(Records from a dataset)
::::::

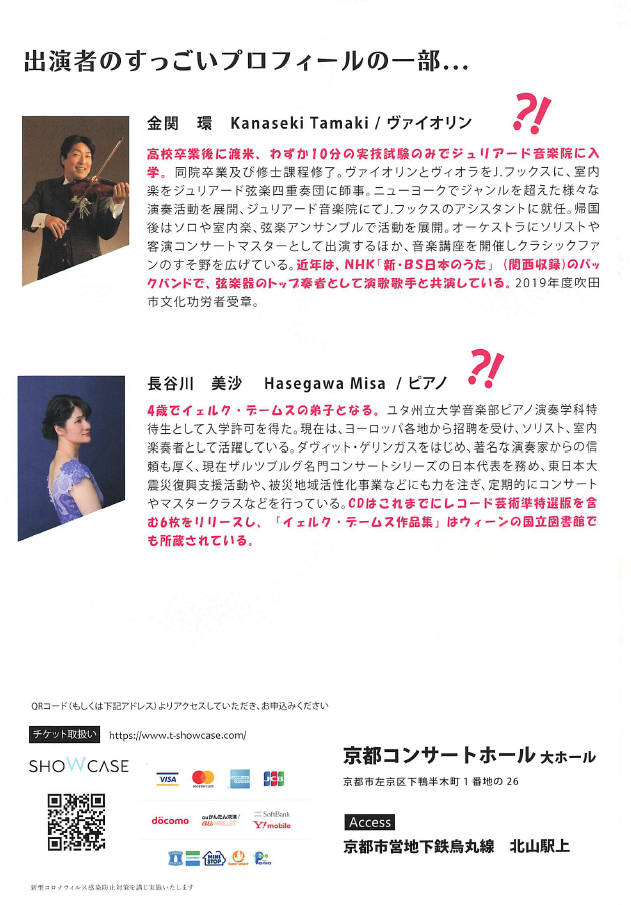 京都コンサートホール大ホールにてコンサート開催します。
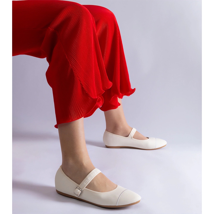 Les ballerines blanches QQ-18 sont un excellent choix pour chaque femme qui veut combiner l'élégance avec le confort quotidien. Leur finition mate et une attache de boucle subtile leur font gagner un caractère unique, parfaitement s'adaptant aux tendances actuelles.
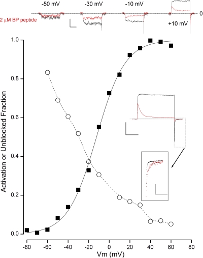 Figure 1. Open-state block of BK channels by the BP in K+ solutions. (Top inset) Time course of raw BK channel currents recorded in 100 µM Ca2+ in the absence (black) and presence (red) of 2 µM BP at the potentials indicated. Calibration: 0.4 nA, 50 msec. Zero-current level indicated by dashed line. (Main) Voltage dependence of BK channel activation (■) and fraction of channels not blocked by the BP (○) in 100 µM Ca2+. (Inset) Raw current recorded at + 60 mV from a holding potential of −80 mV in the absence (black) and presence (red) of 2 µM BP. Calibration: 2 nA, 50 msec. Zero-current level indicated by dashed line. (Boxed inset) Magnified view of the currents after repolarization to −80 mV, with the peak current in the BP scaled to match that of the control record. Calibration: 1 nA, 25 msec.
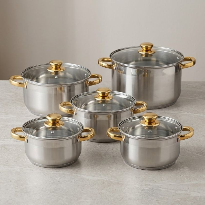 Sada obsahuje 5 nádob rôznych veľkostí so sklenenými pokrievkami, vďaka čomu je vhodná na rôzne úlohy pri varení.
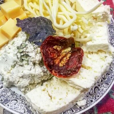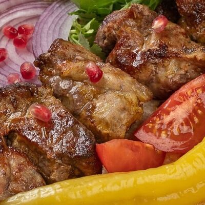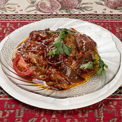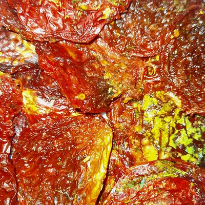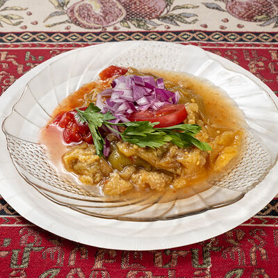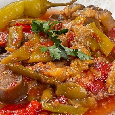 Тушеные баклажаны, перец, помидоры, лук, зелень
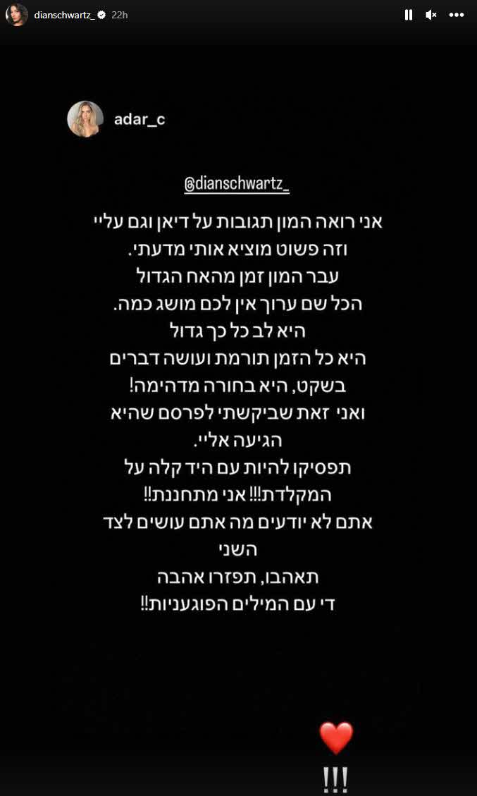 דיאן הגיעה לבקר את מעצבת האופנה אדר כהן שאיבדה לפני כשבועיים את ידה לאחר תאונה קשה במקסיקו ובין היתר התגייסה למענה ושיתפה את הסיפור שלה. אך בתקשורת החליטו להתמקד במשפט אחד של דיאן:" היא כוסית, היא בטח עוקבת אחריי – אז נכנסתי והיא באמת עקבה אחריי"
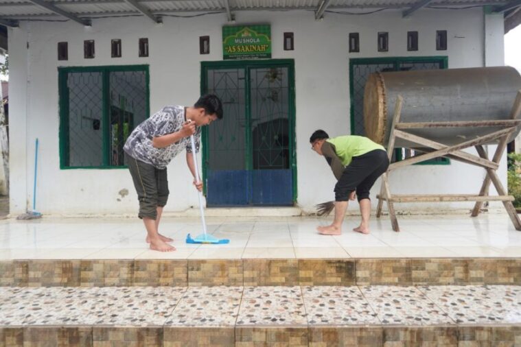 Aksi sosial ini diawali dengan kerja bakti membersihkan seluruh area mushala, mulai dari bagian dalam hingga halaman luar.
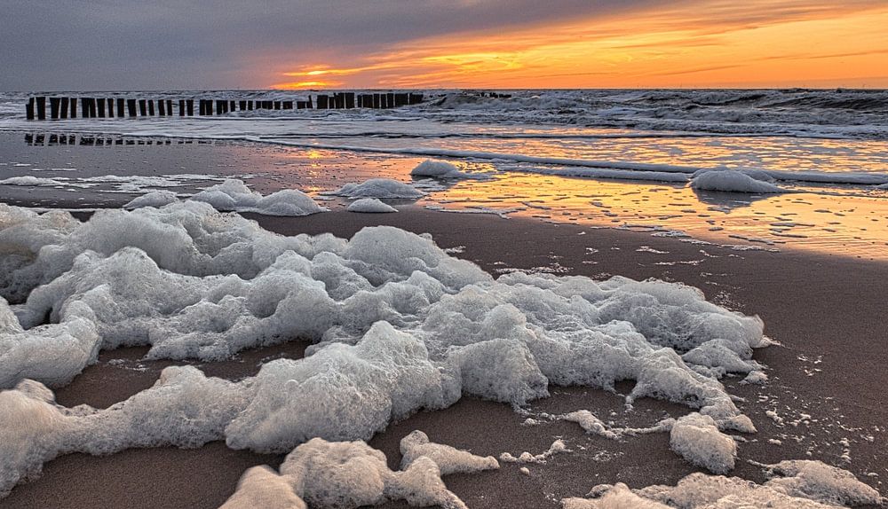 Lorsque je vais sur la côte, Mountains by the Sea reste l'un de mes endroits préférés. Surtout au coucher du soleil, on a de bonnes chances d'y être seul. Après tout, il y a une demi-heure de marche jusqu'à De Kerf. Les bollards dans l'eau et un peu plus loin les brise-lames constituent un beau sujet pour les photos de coucher de soleil. Cette fois-ci, il y avait aussi beaucoup de mousse d'algues dont j'ai fait bon usage. Cela m'a rappelé la plage de Diamond Beach en Islande, où des restes de glace s'échouent sur la plage.
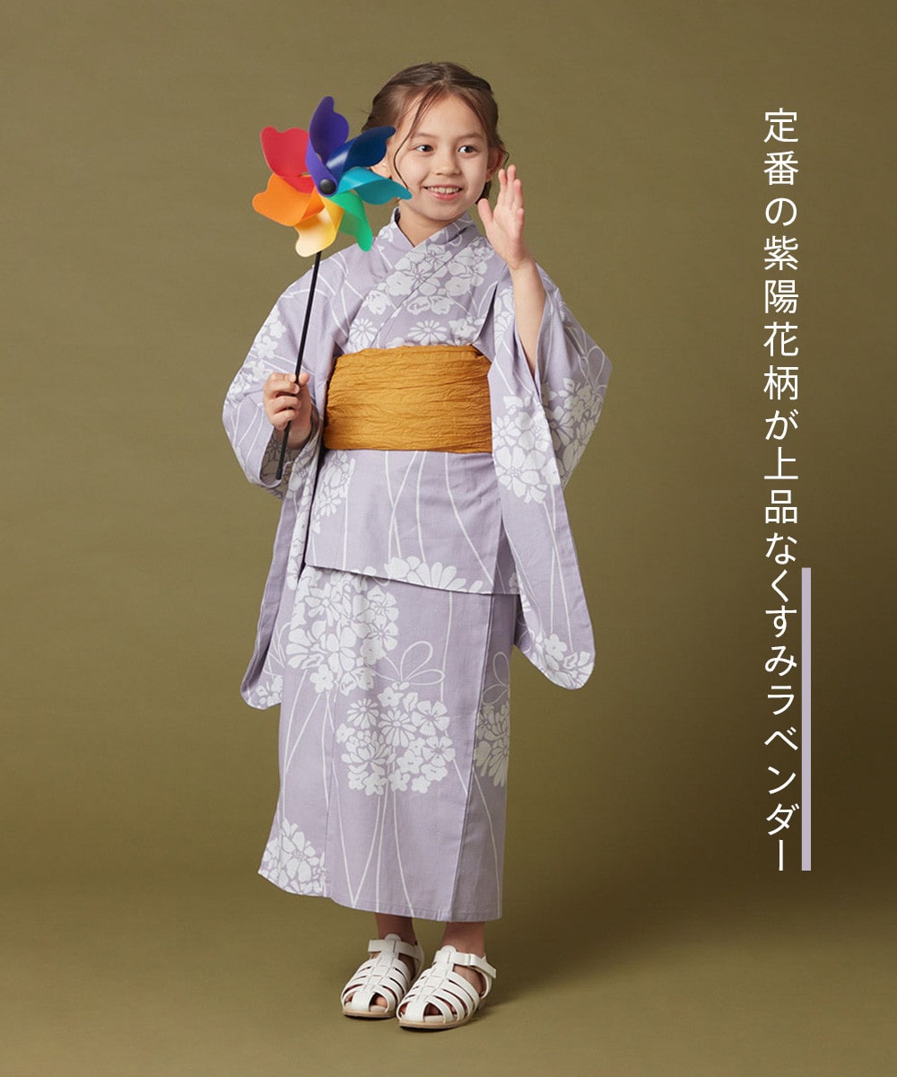 上品な中にかわいさもあるくすみラベンダーの浴衣。

::::::

Goal of the exercise
With the pictures left out, output the lines from the one containing "Тушеные баклажаны, перец, помидоры, лук, зелень" through the last line of the records above, exactly as they are.

Result
 Тушеные баклажаны, перец, помидоры, лук, зелень
 דיאן הגיעה לבקר את מעצבת האופנה אדר כהן שאיבדה לפני כשבועיים את ידה לאחר תאונה קשה במקסיקו ובין היתר התגייסה למענה ושיתפה את הסיפור שלה. אך בתקשורת החליטו להתמקד במשפט אחד של דיאן:" היא כוסית, היא בטח עוקבת אחריי – אז נכנסתי והיא באמת עקבה אחריי"
 Aksi sosial ini diawali dengan kerja bakti membersihkan seluruh area mushala, mulai dari bagian dalam hingga halaman luar.
 Lorsque je vais sur la côte, Mountains by the Sea reste l'un de mes endroits préférés. Surtout au coucher du soleil, on a de bonnes chances d'y être seul. Après tout, il y a une demi-heure de marche jusqu'à De Kerf. Les bollards dans l'eau et un peu plus loin les brise-lames constituent un beau sujet pour les photos de coucher de soleil. Cette fois-ci, il y avait aussi beaucoup de mousse d'algues dont j'ai fait bon usage. Cela m'a rappelé la plage de Diamond Beach en Islande, où des restes de glace s'échouent sur la plage.
 上品な中にかわいさもあるくすみラベンダーの浴衣。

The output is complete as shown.